S&P Downgrades Indymac to Junk

Standard & Poor’s said Tuesday that it cut its rating on Indymac Bancorp to junk, including lowering the counterparty credit rating on Indymac to ‘BB+/B’ from ‘BBB-/A-3’ — the ‘BB-plus’ rating is S&P’s highest junk rating. The agency also said the Pasadena, Calif.-based thrift remains on negative ratings watch, meaning another rating downgrade is possible within two years. “This action was taken in response to concerns about Indymac’s exposure to deteriorating housing markets and the effect credit losses will have on capital levels. The company has announced that continued credit performance deterioration will result in a loss for the fourth quarter,” said credit analyst Robert B. Hoban, Jr.
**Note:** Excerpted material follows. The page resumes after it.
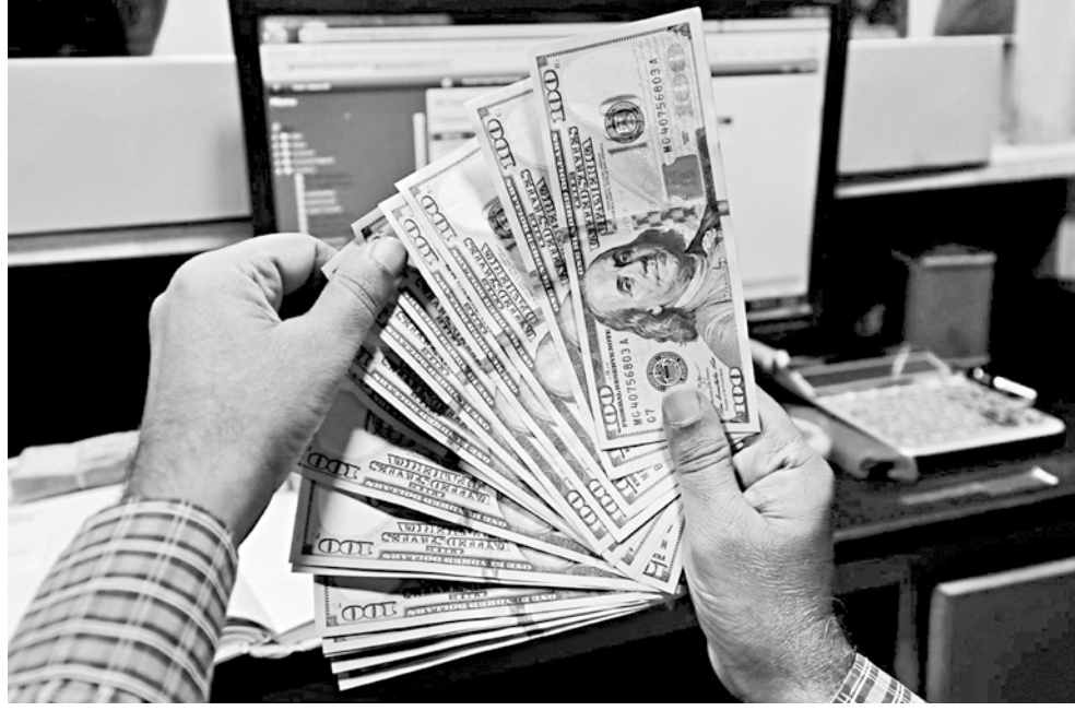
Is taka depreciation good for economy or bad?

But our exports are invoiced in US dollar, not in taka. So, a depreciation of taka does not lead to an automatic reduction in the prices of goods that Bangladesh exports. To see this, consider again the example used above. A Bangladeshi-made shirt is priced at USD 11.76 in the international market and the current exchange rate is USD 1 =
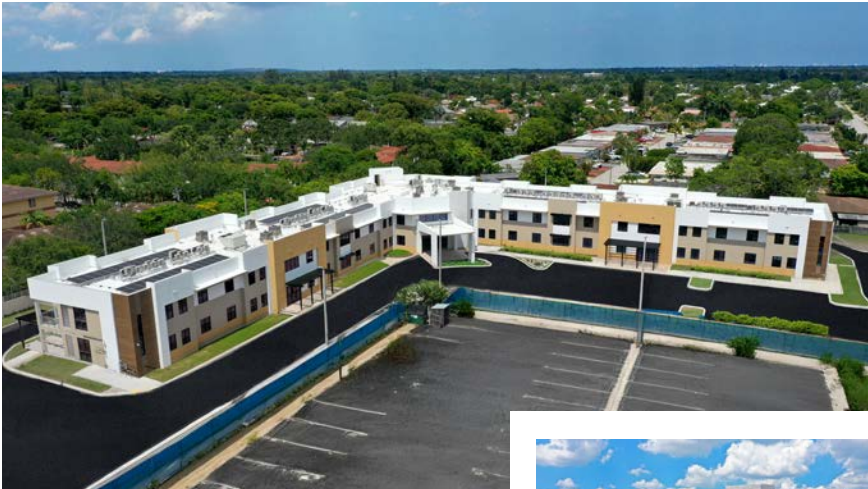
Parkside Memory Care Assisted Living Facility Tamarac, FL Architect: Cabrera Ramos Architects

Indymac CEO Mike Perry said in a statement on IndyMac’s corporate blog on December 5th that the company now expects losses to continue into the first half of 2008. S&P said it expects fourth-quarter nonperforming assets (NPAs) to increase materially on both a percentage and dollar basis from third quarter’s “already very high” 3.65 percent of total loans. From the press statement:

A large portion of Indymac’s nonperformers is in higher risk mortgage products that it all but stopped originating earlier in 2007. However, credit performance of the core alt-A portfolio has also deteriorated to higher-than-normal levels. Historically, Indymac would sell off most of its originations of higher risk products, but with the secondary loan and securitization markets for these products all but shut down, Indymac had accumulated $366 million of NPLs in its held-for-sale portfolio, in addition to $463 million of other NPAs as of Sept. 30, 2007.
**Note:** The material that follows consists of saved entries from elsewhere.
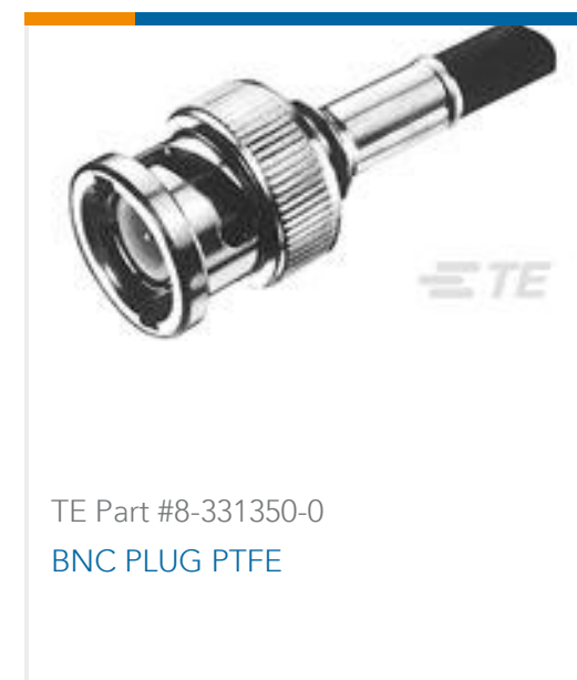
TE Part #8-331350-0 BNC PLUG PTFE
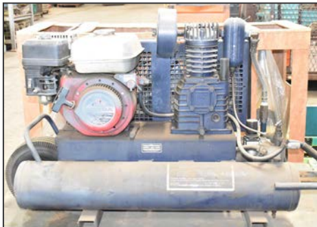
MFG UNKNOWN portable air compressor
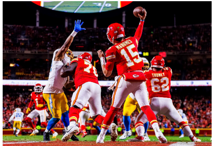
CHARGERS IMPROVING but it's tough to beat Patrick Mahomes and the Kansas City Chiefs.

The Chiefs have won six straight against the Chargers (8-5), with two being decided
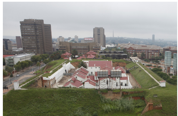
Above. An aerial photograph of the precinct from the east. The precinct is intended to preserve history and attract commercial investment.

In total, ZAR469 million in public funding was made available to support the development of the Constitutional Court. However, the additional estimated ZAR416 million needed to “complete [the] commercial, residential, and heritage, education, and tourism components of the development” 1 was unavailable due to the nation’s lower political priority for these components.
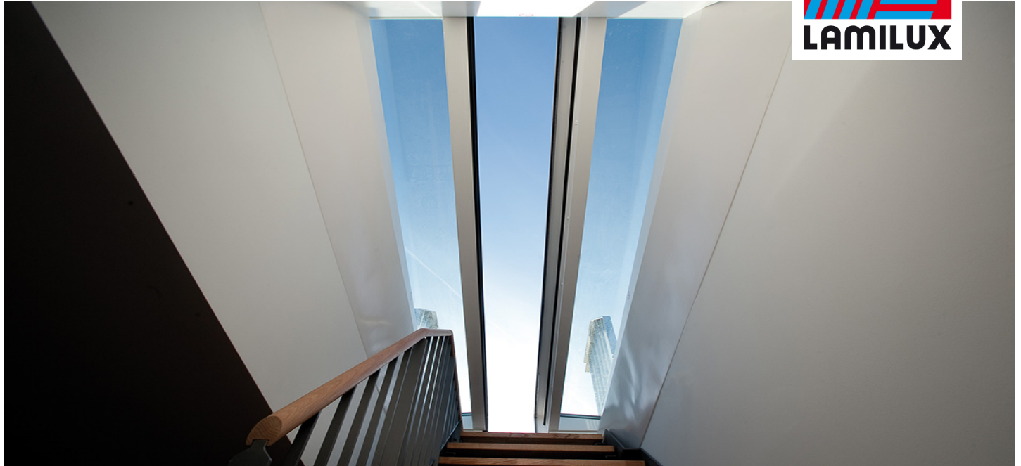
Projekt - penthouse w Berlinie
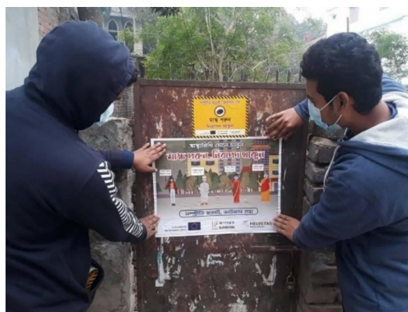
A youth-led street campaign on COVID-19 awareness.

The CSO PVE Capacity Building project is a multi-country civil society initiative that explores methods for preventing violent extremism (PVE) in diverse contexts and identifies drivers and common narratives of extremism in Bangladesh and Sri Lanka. The project engages youth and youth leaders to support PVE initiatives led by civil society organizations.
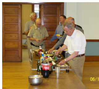
Bros. serving them selves at June 14th meeting
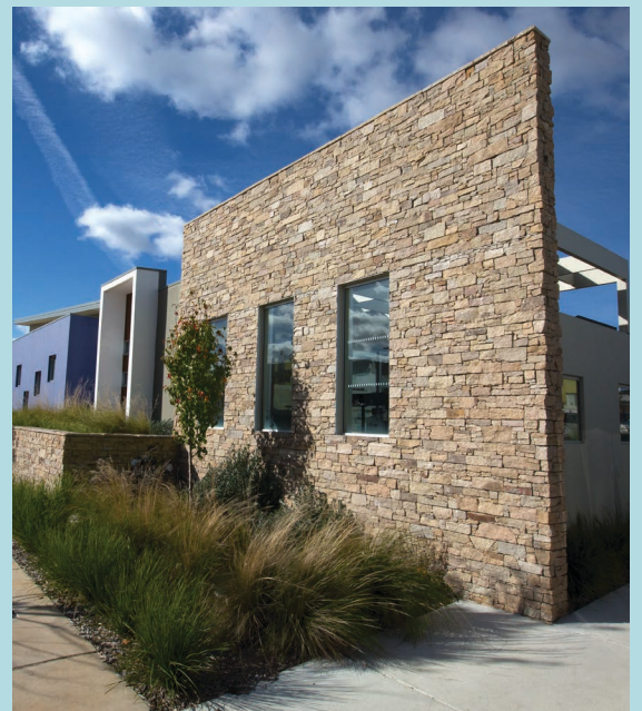
RUSTIC GRANITE Z Panel Wall Cladding

One-piece corners and matching capping are also available to deliver a stunning refined and finished look.
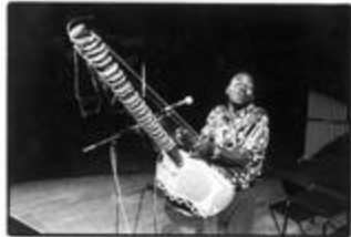
Foday Musa Suso performing during the 1st Other Minds Festival, San Francisco, CA (1993) (IM.OM.FP.0001.056)
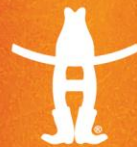
exhibit to travel and be displayed at the Texas Quilt Museum and the International Quilt Festival – Houston. Travel would be at the quilter’s discretion from approximately March 2025 – January 2026.

HLSR will insure each accepted entry against damage from the time we receive the entry until it is in the hands of the return courier, up to the value amount on the entry form or maximum of $500, whichever value is lowest. It is highly recommended that entries valued over $500 be appraised and the entrant obtain additional insurance to cover any damage to the entry while in transit at the Show. Every attempt is made to ensure the security of your entry at the Show.
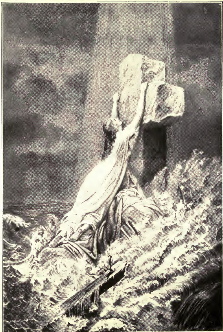
ROCK OF AGES

"In my hand no price I bring; Simply to Thy cross I cling."
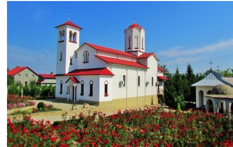
„Mucenic Iacov Persul”, Monastery, Sireți village
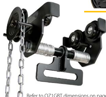
OZGBT-OBH Geared Trolley with OBH Hanger
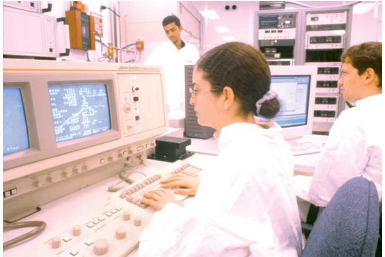
Students perform scanning electron microscopy (SEM) on a photodetector chip in a Nanolab. The SEM at NCSU is uniquely configured to provide both optical and structural information about the chips in order to develop entirely new classes of photonic devices.

The explosive growth of the internet and the dramatic globalization that impacts every facet of life is fueled by the rapid acceleration of advanced computing and communication systems. At the Center for Advanced Computing and Communication (CACC), multi-disciplinary teams collaborate with researchers from industry, government agencies, and other universities to develop and implement these leading-edge systems. CACC initiatives include complex, fault-tolerant, and distributed computing systems as well as underlying technologies such as photonics, pervasive computing, and wired and wireless elements.
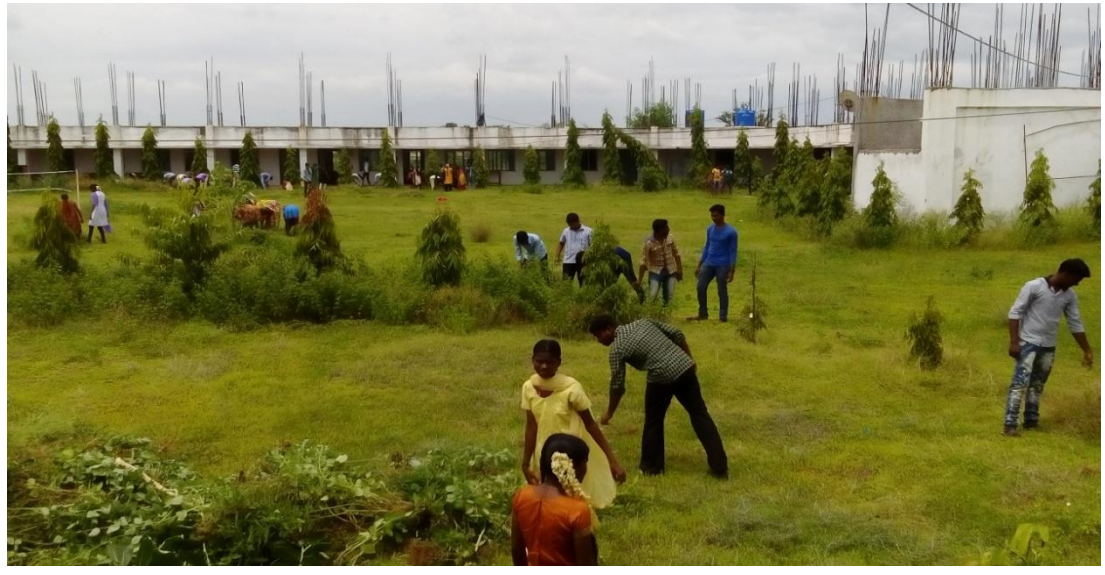
Clean and Green Programme in the College Premises
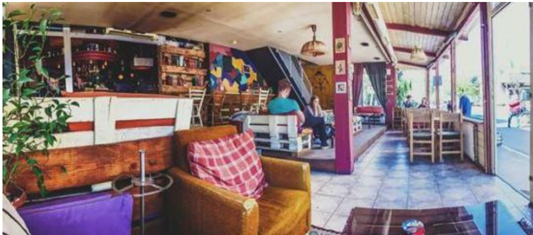
Jazzva Courtesy of Jazzva
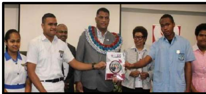
Minister for Education, Hon. Aseri Radrodro, Board Chairperson & CEO of TSLS with future recipients of scholarships.

The launch was done by the Minister for Education, Hon. Aseri Radrodro. The Handbook is designed to provide useful information to all prospective recipients and members of the public on twelve (12) schemes of scholarships, one (1) study loan scheme, and three (3) schemes of study grants.

Indymac spokesperson Grove Nichols downplayed the ratings downgrade, saying “the lowering of our ratings should have no practical impact on Indymac’s business, as we are not reliant on market-based borrowings to fund ourselves.” Nichols cited the thrift’s access to FHLB advances and depository funding as its primary sources of liquidity, saying the bank had increased liquidity to a record $6.3 billion at the end of the second quarter.